WHAT YOU SHOULD DO:
Unless a line falls after the one with "Ваш малюк побачить, що", retype it exactly from the records below; leave out all pictures.

INFORMATION SUPPLIED:
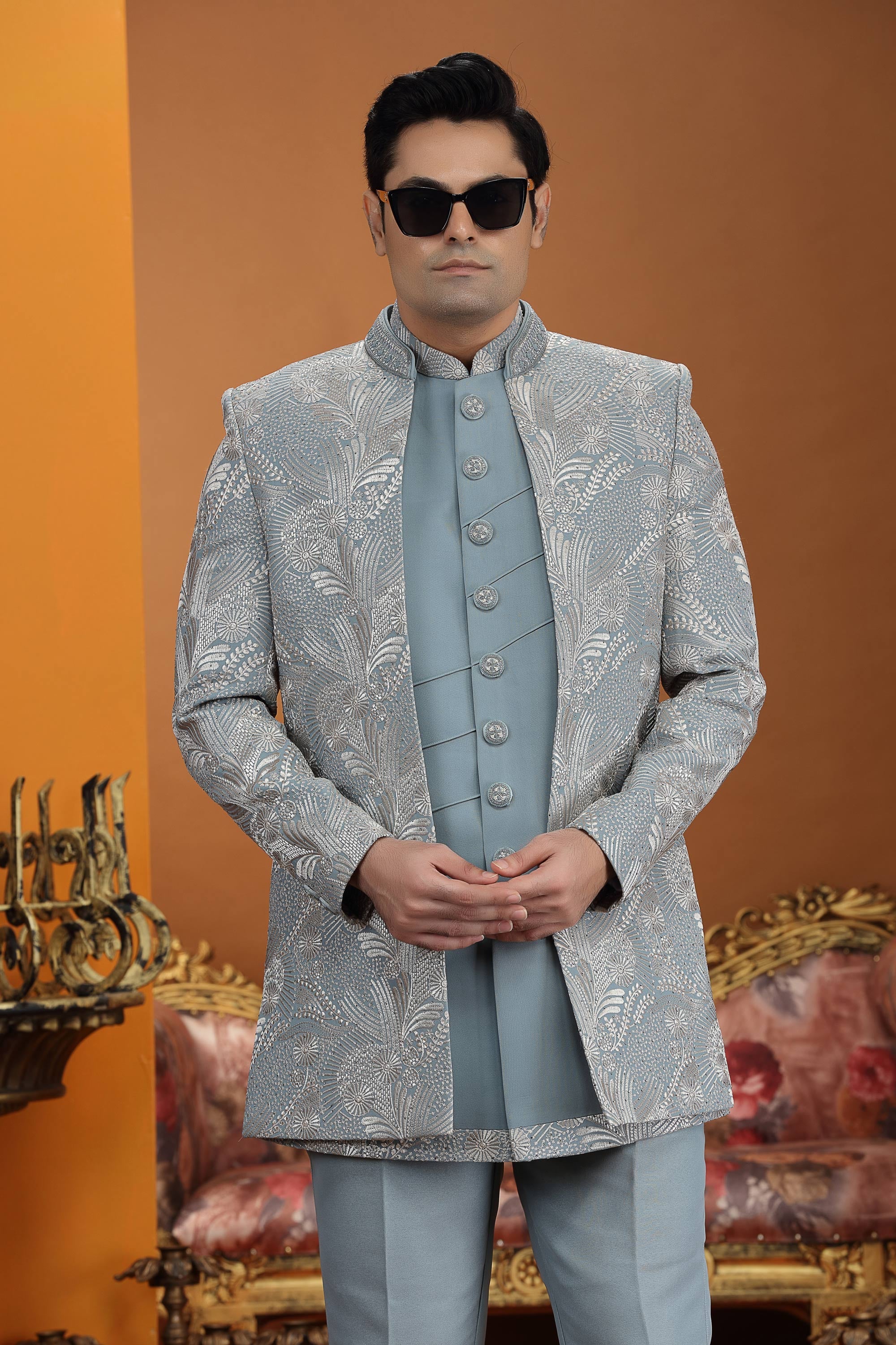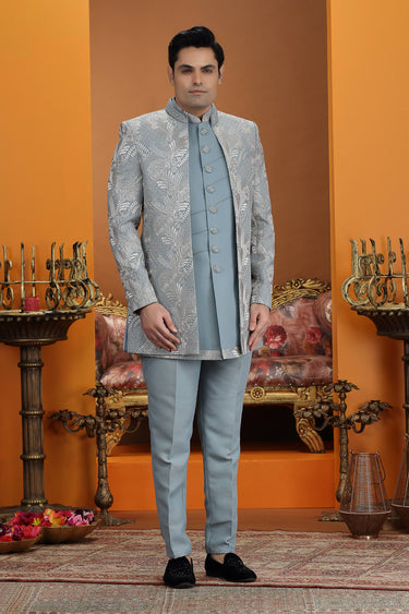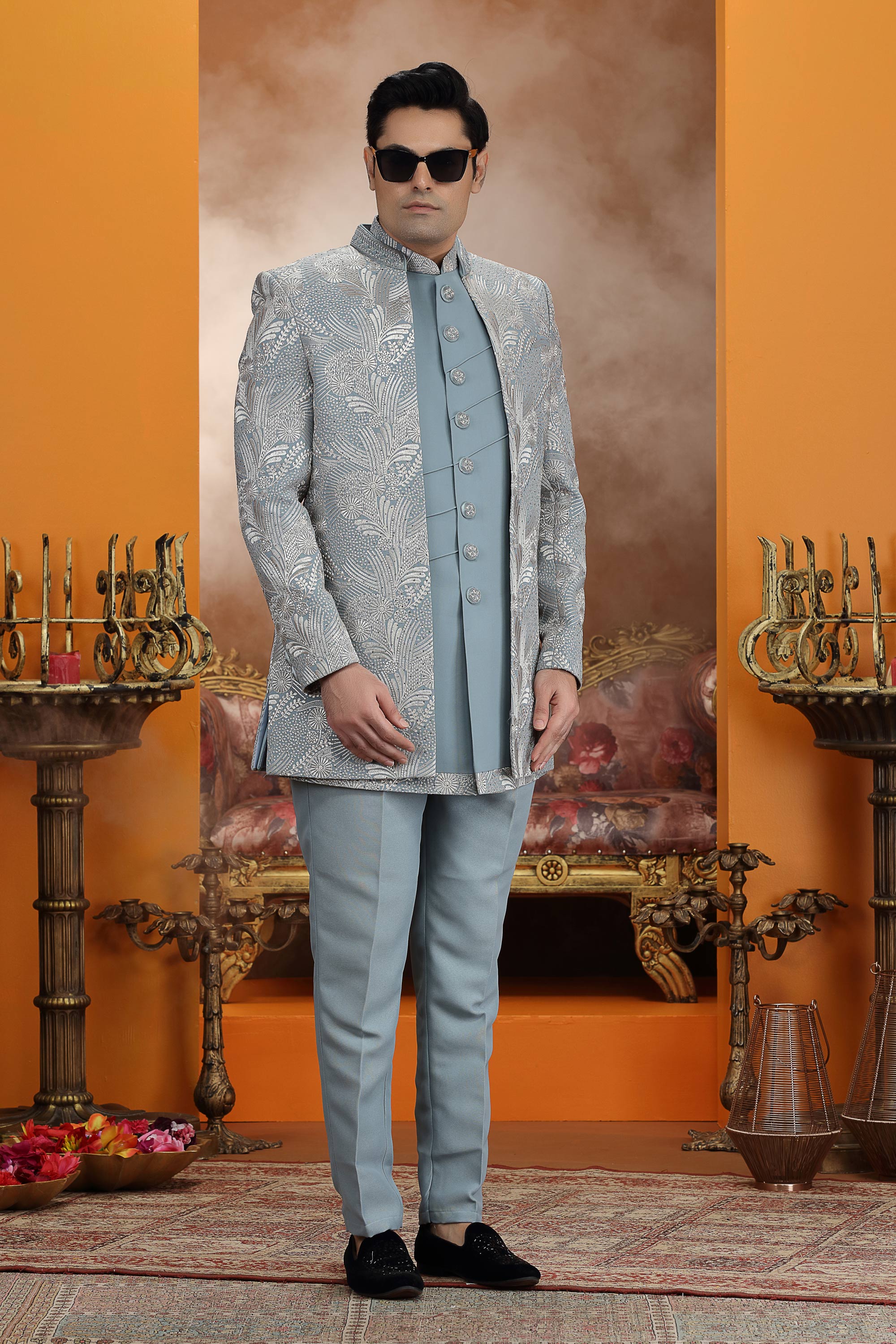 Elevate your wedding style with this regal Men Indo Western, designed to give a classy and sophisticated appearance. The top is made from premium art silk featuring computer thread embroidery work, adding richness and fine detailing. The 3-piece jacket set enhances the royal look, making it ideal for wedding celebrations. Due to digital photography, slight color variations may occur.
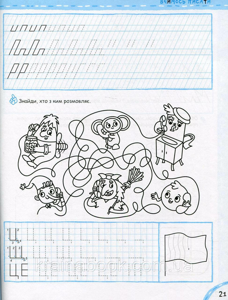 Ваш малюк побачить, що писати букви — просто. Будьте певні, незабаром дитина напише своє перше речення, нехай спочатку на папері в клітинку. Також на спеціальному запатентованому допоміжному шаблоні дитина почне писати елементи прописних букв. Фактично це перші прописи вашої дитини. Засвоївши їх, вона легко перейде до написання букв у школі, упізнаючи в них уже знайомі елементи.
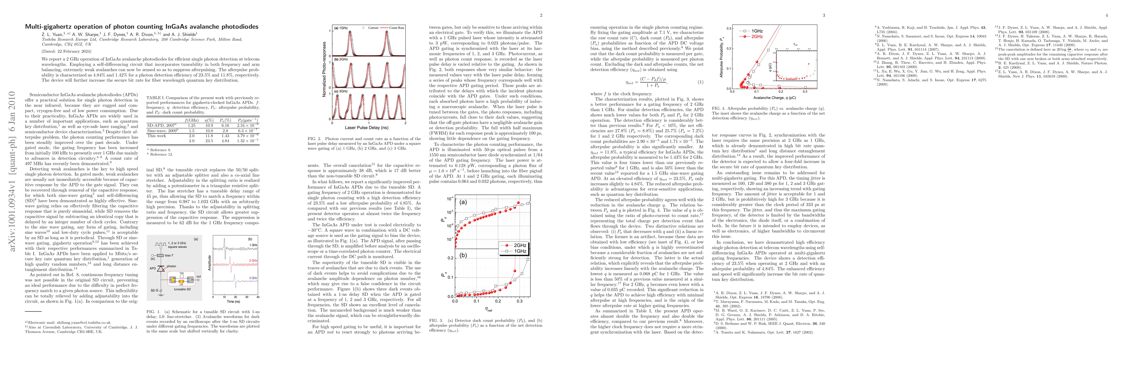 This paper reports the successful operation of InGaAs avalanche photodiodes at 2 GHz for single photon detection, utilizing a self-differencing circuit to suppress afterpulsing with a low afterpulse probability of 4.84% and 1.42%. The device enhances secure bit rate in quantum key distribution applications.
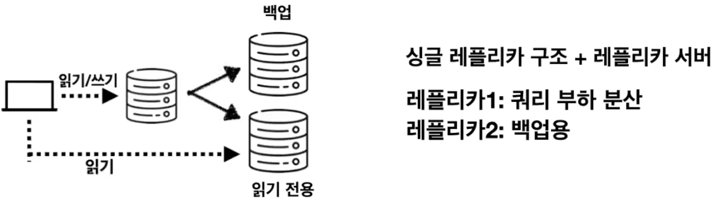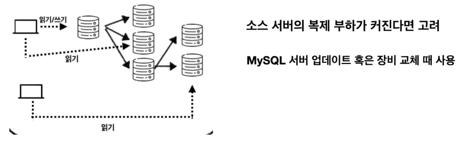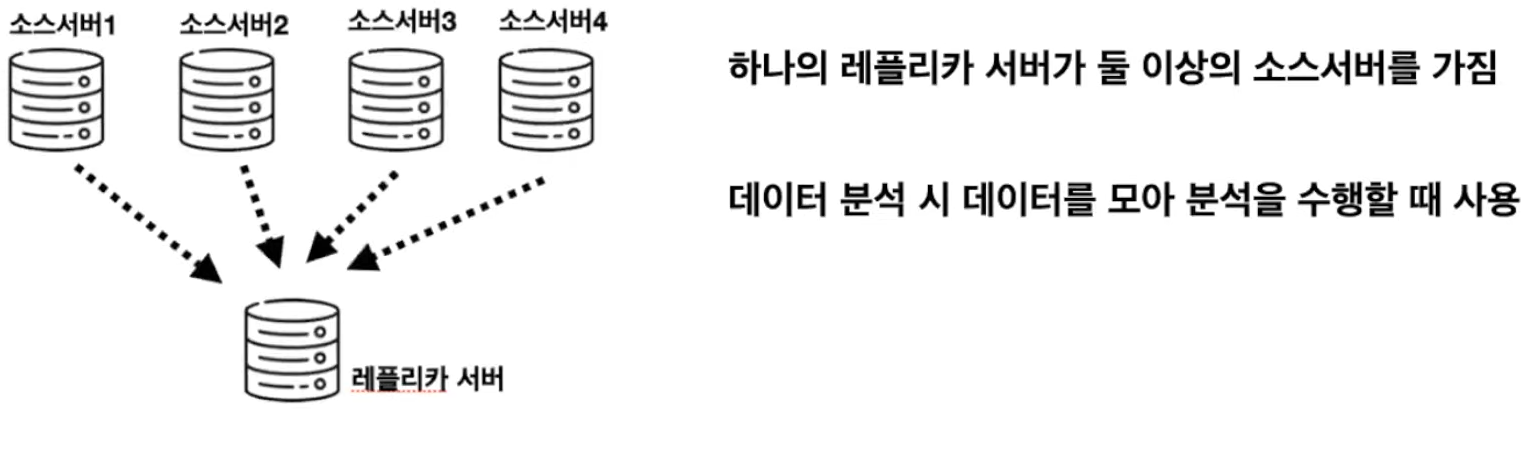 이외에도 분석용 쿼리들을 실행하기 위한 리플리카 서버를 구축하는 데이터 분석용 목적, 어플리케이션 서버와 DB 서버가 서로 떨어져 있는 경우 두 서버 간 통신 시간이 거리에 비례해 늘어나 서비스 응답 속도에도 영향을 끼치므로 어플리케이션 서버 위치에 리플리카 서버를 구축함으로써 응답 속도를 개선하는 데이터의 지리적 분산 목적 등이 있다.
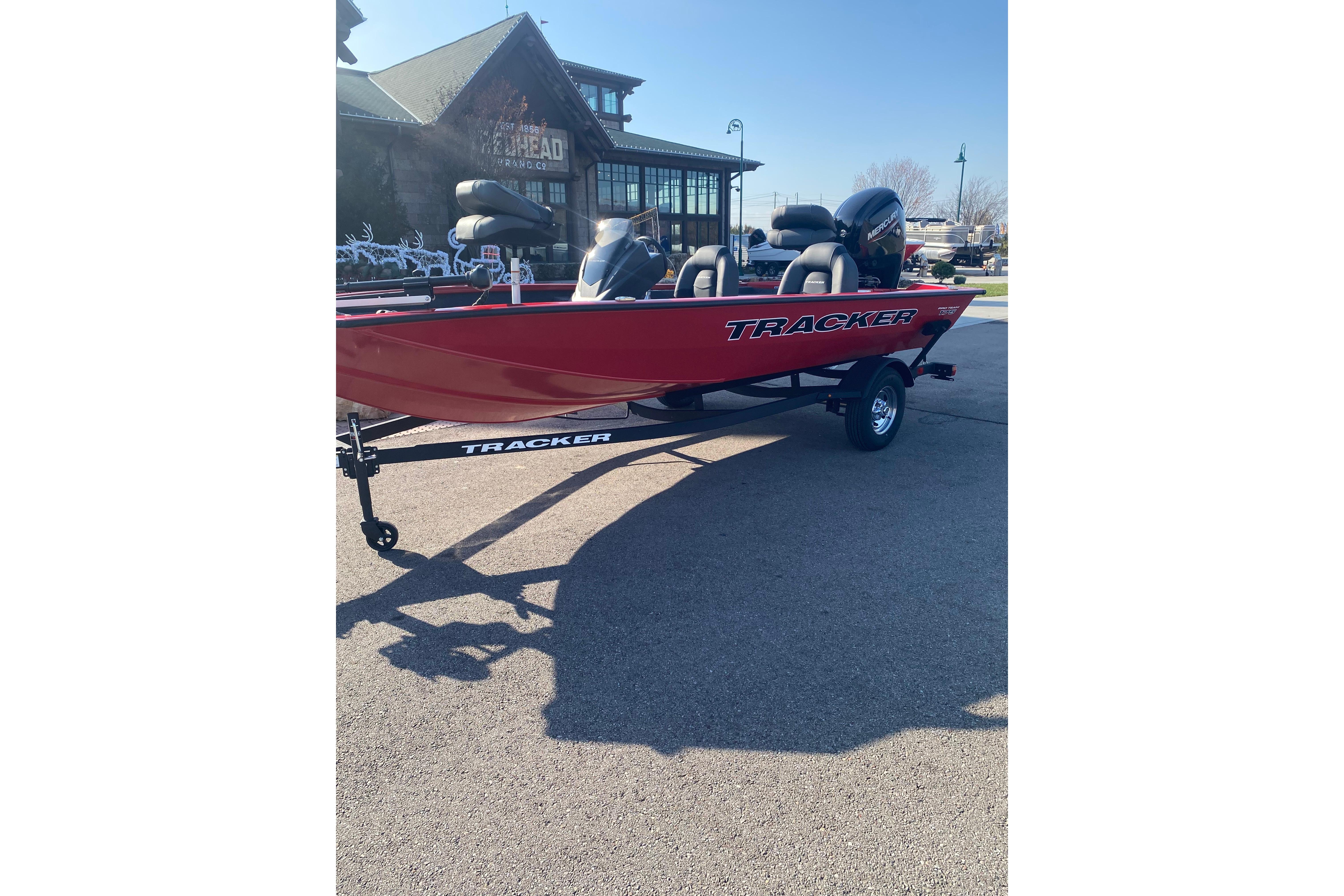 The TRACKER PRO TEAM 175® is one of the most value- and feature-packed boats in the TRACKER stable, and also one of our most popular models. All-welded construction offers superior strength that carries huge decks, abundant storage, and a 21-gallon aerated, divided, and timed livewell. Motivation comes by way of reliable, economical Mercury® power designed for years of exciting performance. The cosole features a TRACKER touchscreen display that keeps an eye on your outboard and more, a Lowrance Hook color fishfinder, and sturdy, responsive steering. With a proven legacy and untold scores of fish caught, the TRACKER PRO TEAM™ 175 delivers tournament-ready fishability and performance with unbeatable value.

TASK OUTPUT:
 Elevate your wedding style with this regal Men Indo Western, designed to give a classy and sophisticated appearance. The top is made from premium art silk featuring computer thread embroidery work, adding richness and fine detailing. The 3-piece jacket set enhances the royal look, making it ideal for wedding celebrations. Due to digital photography, slight color variations may occur.
 Ваш малюк побачить, що писати букви — просто. Будьте певні, незабаром дитина напише своє перше речення, нехай спочатку на папері в клітинку. Також на спеціальному запатентованому допоміжному шаблоні дитина почне писати елементи прописних букв. Фактично це перші прописи вашої дитини. Засвоївши їх, вона легко перейде до написання букв у школі, упізнаючи в них уже знайомі елементи.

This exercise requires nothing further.